DESCRIPTION OF THE TASK: Using the lines below, work out the count of those that hold "before". Give the number only.

SUPPLIED DATA:
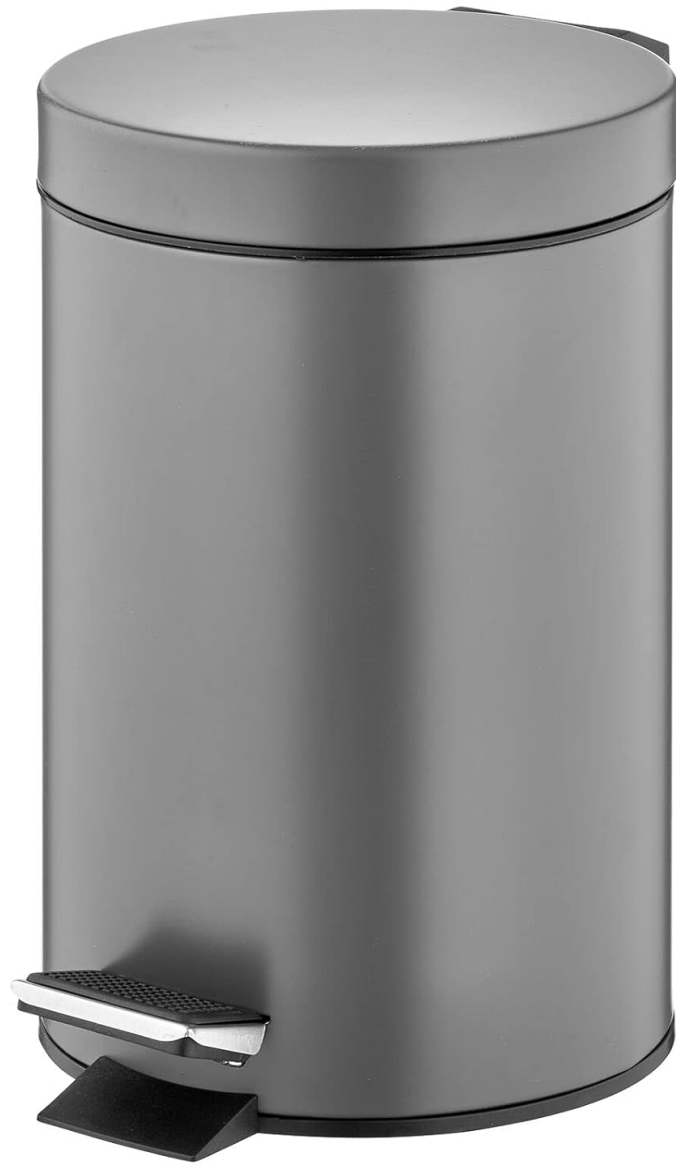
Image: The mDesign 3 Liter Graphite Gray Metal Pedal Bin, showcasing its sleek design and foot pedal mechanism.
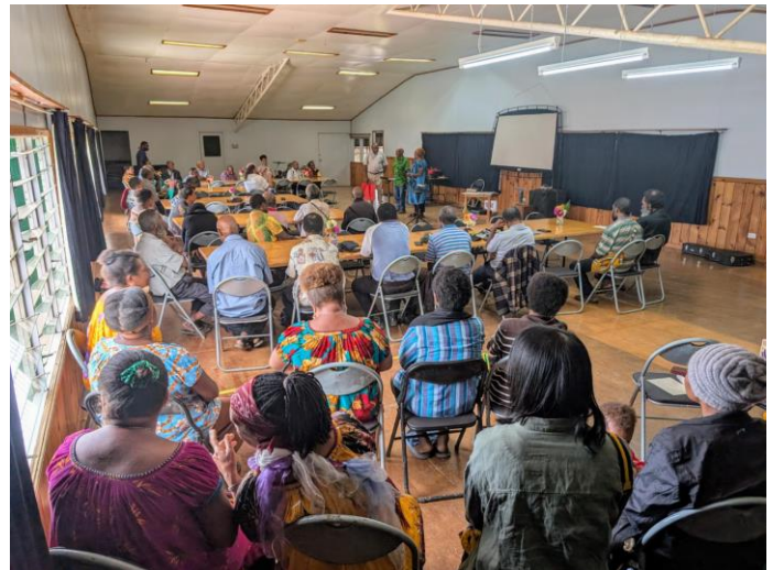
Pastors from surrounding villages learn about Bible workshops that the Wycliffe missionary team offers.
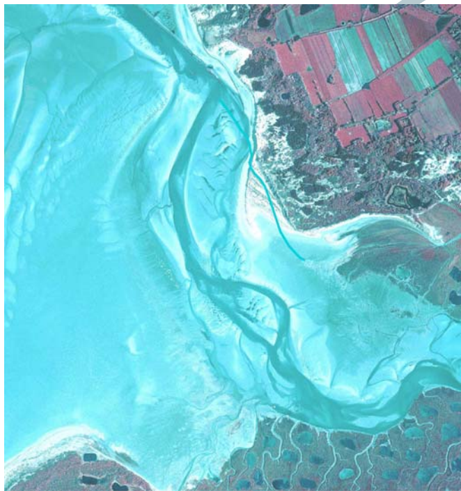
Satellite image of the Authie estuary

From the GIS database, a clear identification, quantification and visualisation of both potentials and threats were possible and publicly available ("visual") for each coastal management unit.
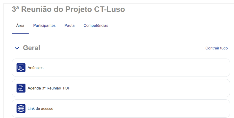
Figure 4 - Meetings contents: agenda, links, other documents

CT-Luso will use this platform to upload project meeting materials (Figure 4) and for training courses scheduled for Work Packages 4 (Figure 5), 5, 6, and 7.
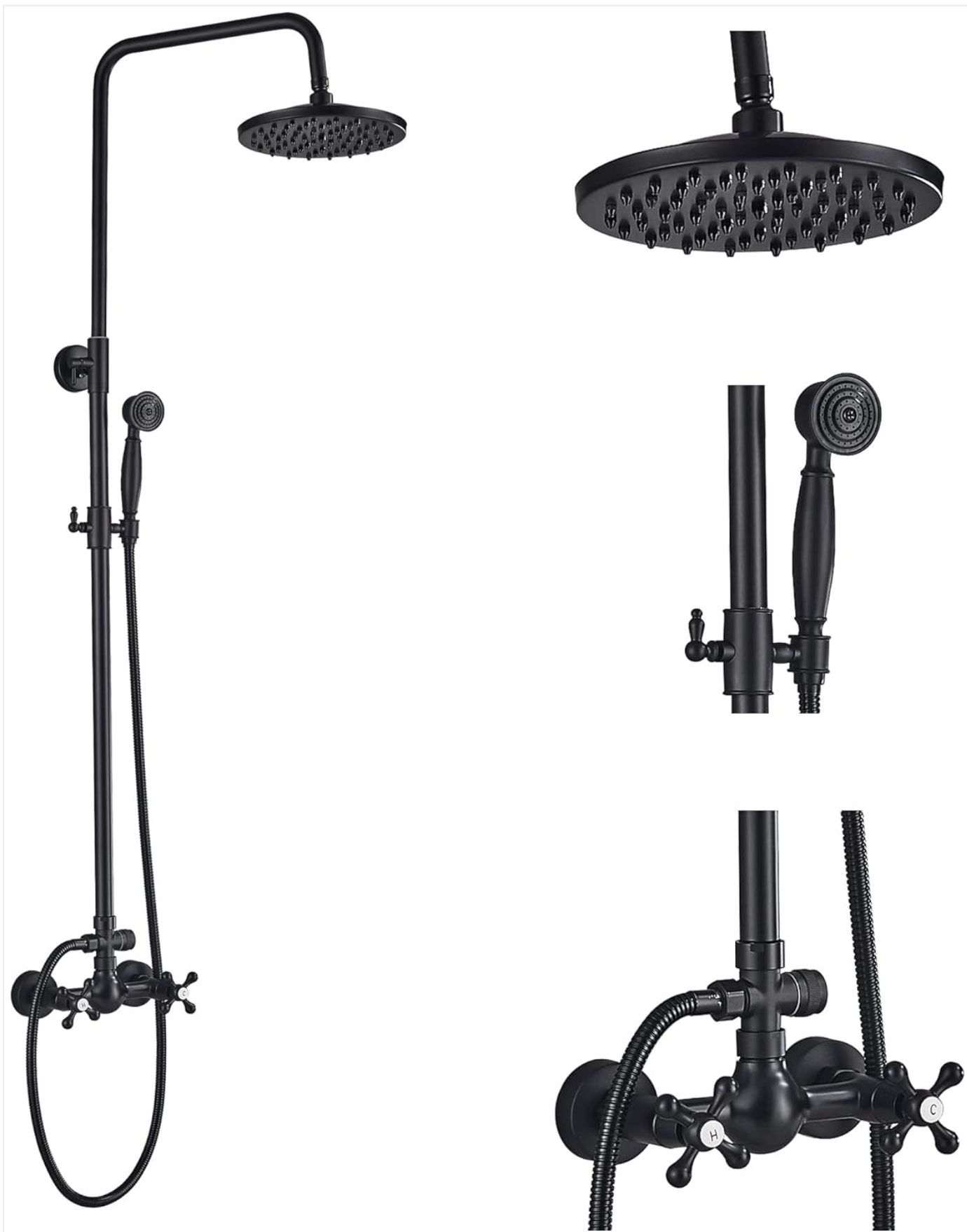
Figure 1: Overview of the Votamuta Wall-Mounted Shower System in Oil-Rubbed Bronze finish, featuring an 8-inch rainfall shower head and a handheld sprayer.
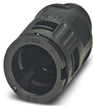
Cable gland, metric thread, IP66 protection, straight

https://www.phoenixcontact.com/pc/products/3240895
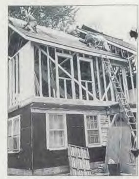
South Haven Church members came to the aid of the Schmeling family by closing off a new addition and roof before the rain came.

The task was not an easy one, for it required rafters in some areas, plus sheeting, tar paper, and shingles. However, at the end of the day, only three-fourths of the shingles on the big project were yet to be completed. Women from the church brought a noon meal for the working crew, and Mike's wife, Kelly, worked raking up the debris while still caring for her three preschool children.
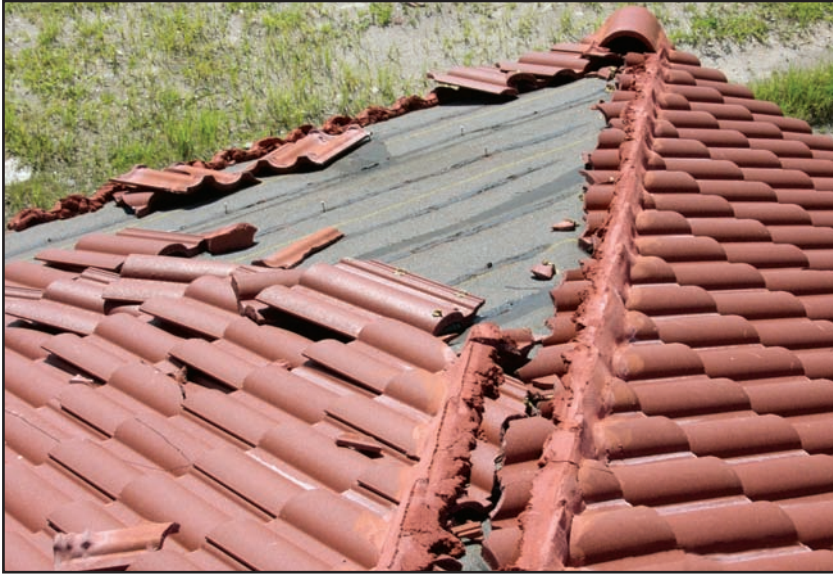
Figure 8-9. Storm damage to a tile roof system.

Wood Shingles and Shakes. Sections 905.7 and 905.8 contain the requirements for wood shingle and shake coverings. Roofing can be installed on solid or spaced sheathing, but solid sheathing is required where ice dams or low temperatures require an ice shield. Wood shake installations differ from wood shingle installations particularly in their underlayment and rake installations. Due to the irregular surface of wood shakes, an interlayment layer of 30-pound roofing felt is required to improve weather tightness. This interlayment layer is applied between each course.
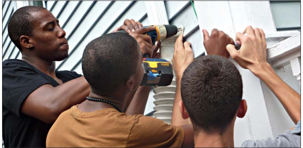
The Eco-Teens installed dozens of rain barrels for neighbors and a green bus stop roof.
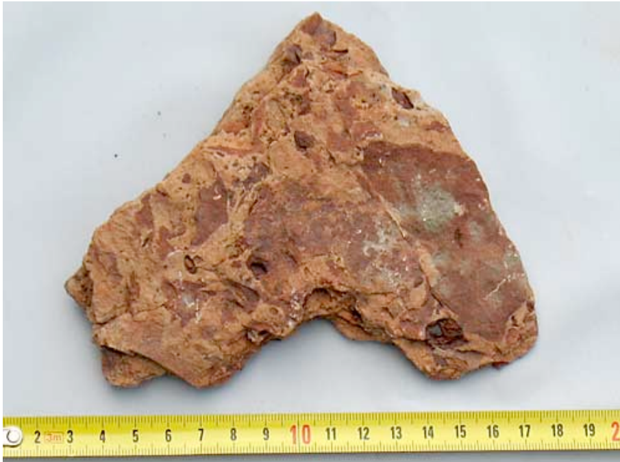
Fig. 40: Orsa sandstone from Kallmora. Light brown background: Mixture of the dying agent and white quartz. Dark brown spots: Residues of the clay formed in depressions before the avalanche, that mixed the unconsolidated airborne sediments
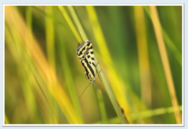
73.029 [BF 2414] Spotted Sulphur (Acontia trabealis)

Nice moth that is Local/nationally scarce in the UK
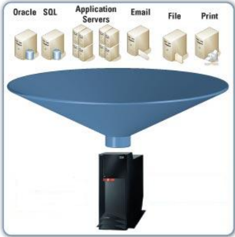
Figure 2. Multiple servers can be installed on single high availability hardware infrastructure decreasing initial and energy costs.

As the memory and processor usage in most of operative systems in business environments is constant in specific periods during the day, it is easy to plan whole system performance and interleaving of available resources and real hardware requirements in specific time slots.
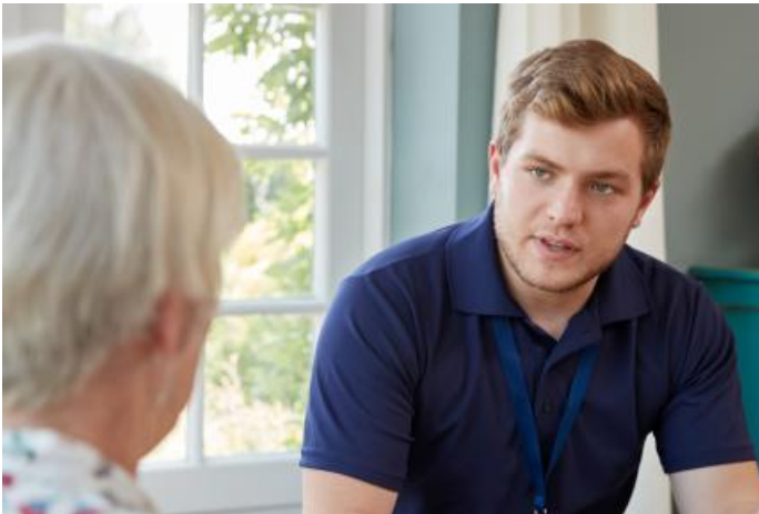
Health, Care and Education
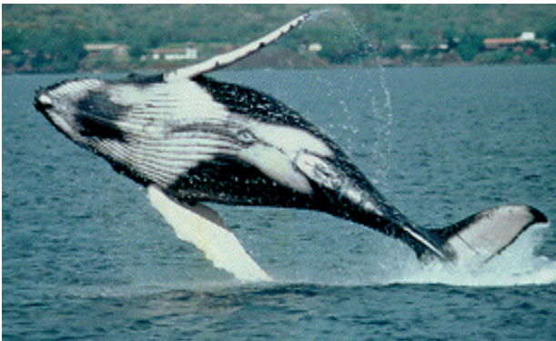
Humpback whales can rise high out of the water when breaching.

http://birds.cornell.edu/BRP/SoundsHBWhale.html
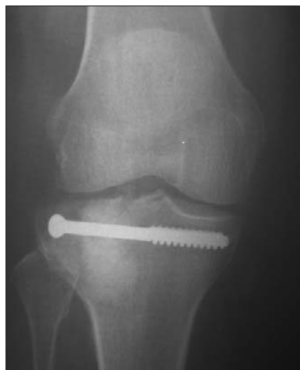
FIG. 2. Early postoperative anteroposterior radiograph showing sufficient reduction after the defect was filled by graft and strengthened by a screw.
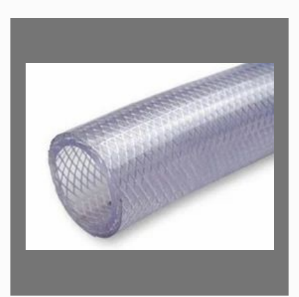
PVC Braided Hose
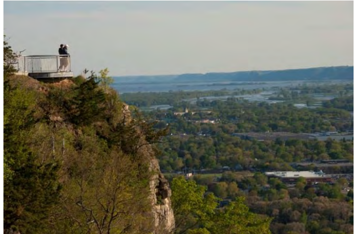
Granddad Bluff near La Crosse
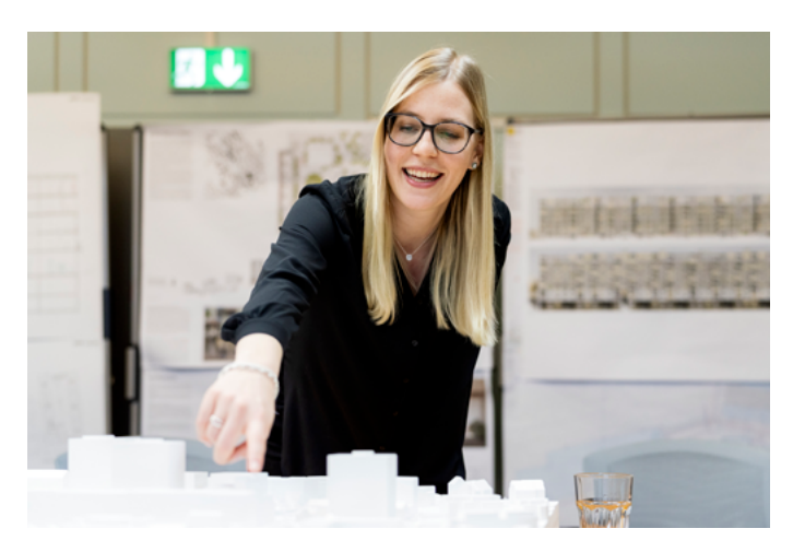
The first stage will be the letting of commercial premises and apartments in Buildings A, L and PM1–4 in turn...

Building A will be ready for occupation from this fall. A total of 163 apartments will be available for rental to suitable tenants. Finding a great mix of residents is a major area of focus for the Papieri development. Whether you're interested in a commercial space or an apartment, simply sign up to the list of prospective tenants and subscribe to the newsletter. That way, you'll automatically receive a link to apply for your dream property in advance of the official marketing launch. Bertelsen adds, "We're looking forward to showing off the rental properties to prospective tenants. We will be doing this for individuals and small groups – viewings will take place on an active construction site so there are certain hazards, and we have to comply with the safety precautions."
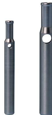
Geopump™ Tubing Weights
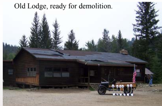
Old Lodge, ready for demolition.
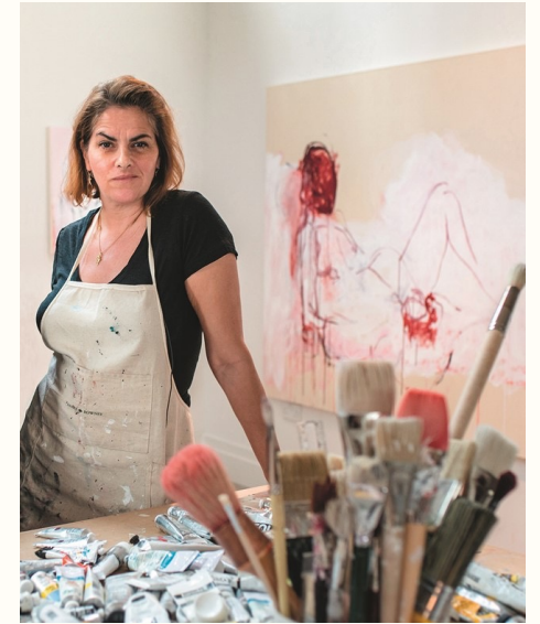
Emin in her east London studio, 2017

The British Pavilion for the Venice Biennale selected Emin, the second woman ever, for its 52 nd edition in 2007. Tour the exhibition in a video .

WRITTEN RESPONSE: 2